=== THE PROBLEM ===
Nothing but the lines from the one containing "Note: This method" through the last line of the data below should be returned, each exactly as it stands, pictures excluded.

=== INFORMATION SUPPLIED ===
---*---

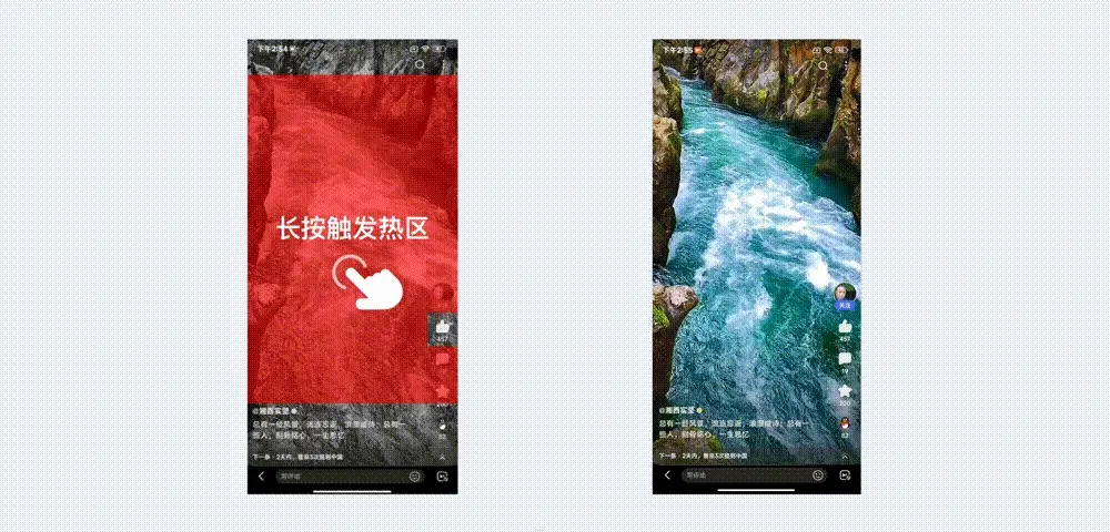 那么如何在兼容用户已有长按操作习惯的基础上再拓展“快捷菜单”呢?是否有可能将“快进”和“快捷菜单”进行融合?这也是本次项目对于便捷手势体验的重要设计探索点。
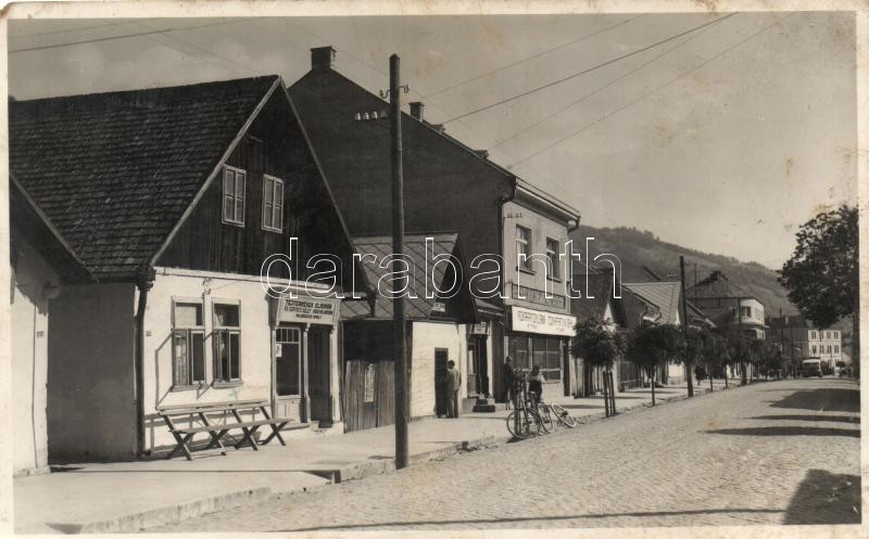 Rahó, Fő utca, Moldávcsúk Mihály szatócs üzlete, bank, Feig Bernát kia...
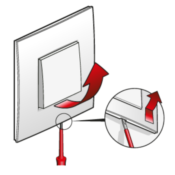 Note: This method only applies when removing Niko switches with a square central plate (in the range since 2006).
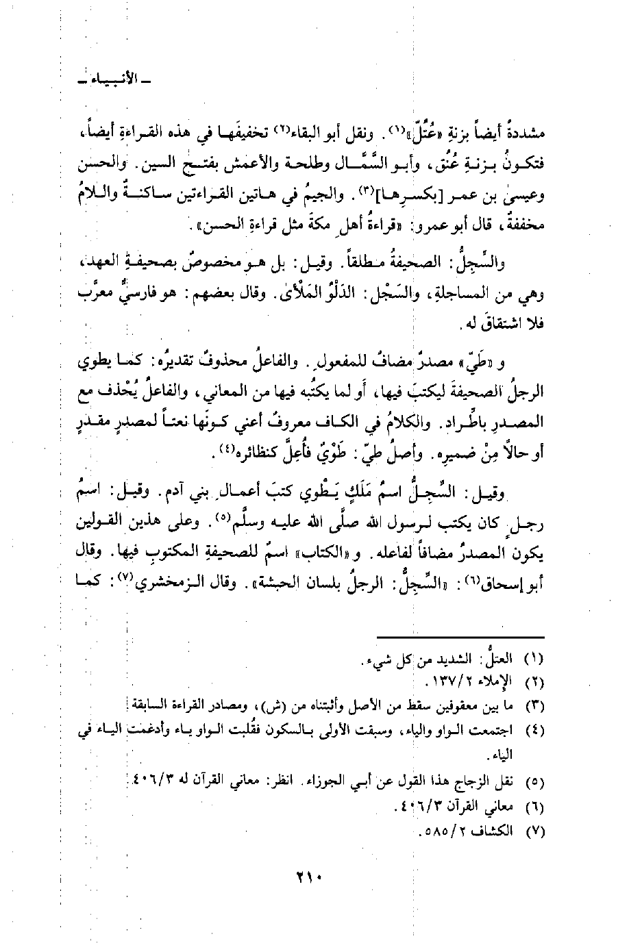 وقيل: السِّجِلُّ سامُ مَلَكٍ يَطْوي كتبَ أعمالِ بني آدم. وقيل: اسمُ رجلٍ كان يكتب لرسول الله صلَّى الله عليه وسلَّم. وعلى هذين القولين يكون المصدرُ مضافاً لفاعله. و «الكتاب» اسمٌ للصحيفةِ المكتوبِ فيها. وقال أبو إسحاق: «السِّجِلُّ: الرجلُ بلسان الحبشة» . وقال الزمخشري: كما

---*---

=== WRITTEN SOLUTION ===
 Note: This method only applies when removing Niko switches with a square central plate (in the range since 2006).
 وقيل: السِّجِلُّ سامُ مَلَكٍ يَطْوي كتبَ أعمالِ بني آدم. وقيل: اسمُ رجلٍ كان يكتب لرسول الله صلَّى الله عليه وسلَّم. وعلى هذين القولين يكون المصدرُ مضافاً لفاعله. و «الكتاب» اسمٌ للصحيفةِ المكتوبِ فيها. وقال أبو إسحاق: «السِّجِلُّ: الرجلُ بلسان الحبشة» . وقال الزمخشري: كما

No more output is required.